» **Task to complete**: Below are some entries; reproduce them exactly and leave every picture out.

* * *

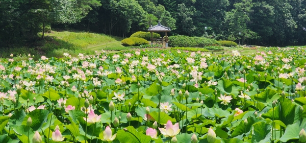 [충청뉴스큐] 보은군 속리산국립공원 입구에 있는 속리산 연꽃단지에 수 천 송이의 연꽃이 꽃을 피우며 속리산을 방문한 관광객들에게 또 다른 볼거리를 제공하고 있다.
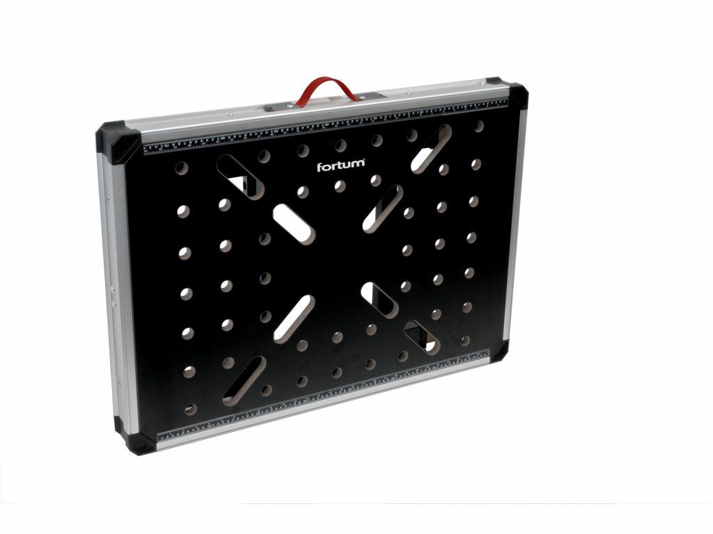 - pevná kovová konštrukcia s MDF doskou zasadenou do hliníkového rámu s množstvom výrezov pre použitie upínacích svoriek alebo dodávaných zarážok
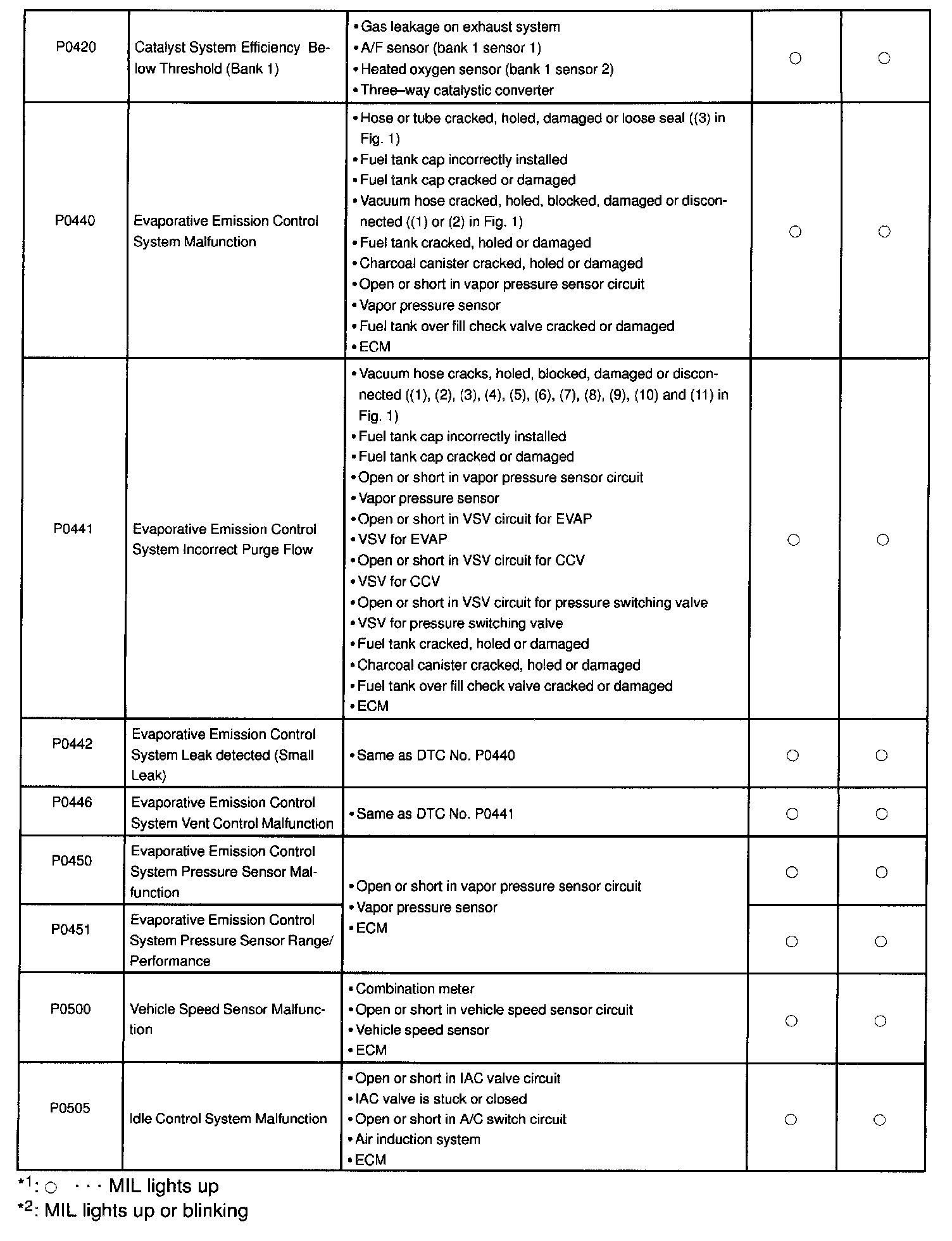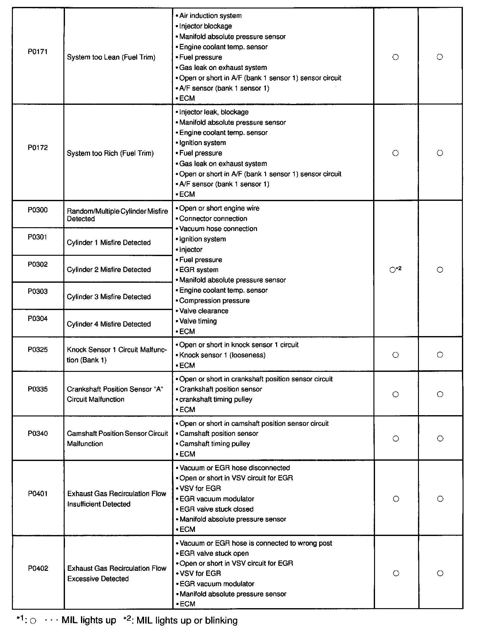 If a malfunction code is displayed during the DTC check in check mode, check the circuit for the codes listed in the table below. For details of each code, turn to the page referred to under the "See page "for the respective "DTC No." in the DTC chart.
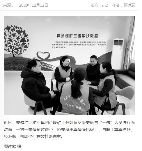 《中国煤炭报》:po18 芦岭矿工会“三违”帮教助安全
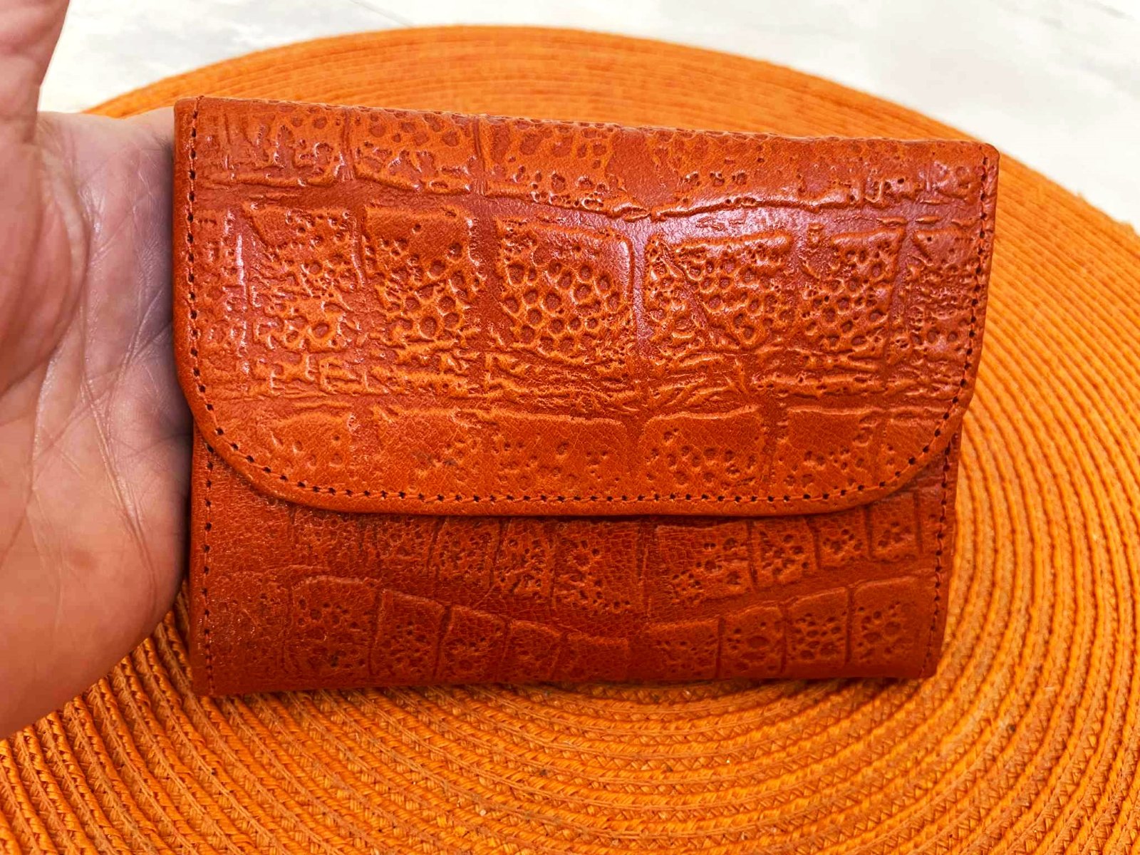 kožená peňaženka,13 x 10 cm, množstvo priehradok - viď foto,zipsík na drobné,farba prírodná hnedo pomarančová,plastický vzor,top stav

* * *

» **Result**:
 [충청뉴스큐] 보은군 속리산국립공원 입구에 있는 속리산 연꽃단지에 수 천 송이의 연꽃이 꽃을 피우며 속리산을 방문한 관광객들에게 또 다른 볼거리를 제공하고 있다.
 - pevná kovová konštrukcia s MDF doskou zasadenou do hliníkového rámu s množstvom výrezov pre použitie upínacích svoriek alebo dodávaných zarážok
 If a malfunction code is displayed during the DTC check in check mode, check the circuit for the codes listed in the table below. For details of each code, turn to the page referred to under the "See page "for the respective "DTC No." in the DTC chart.
 《中国煤炭报》:po18 芦岭矿工会“三违”帮教助安全
 kožená peňaženka,13 x 10 cm, množstvo priehradok - viď foto,zipsík na drobné,farba prírodná hnedo pomarančová,plastický vzor,top stav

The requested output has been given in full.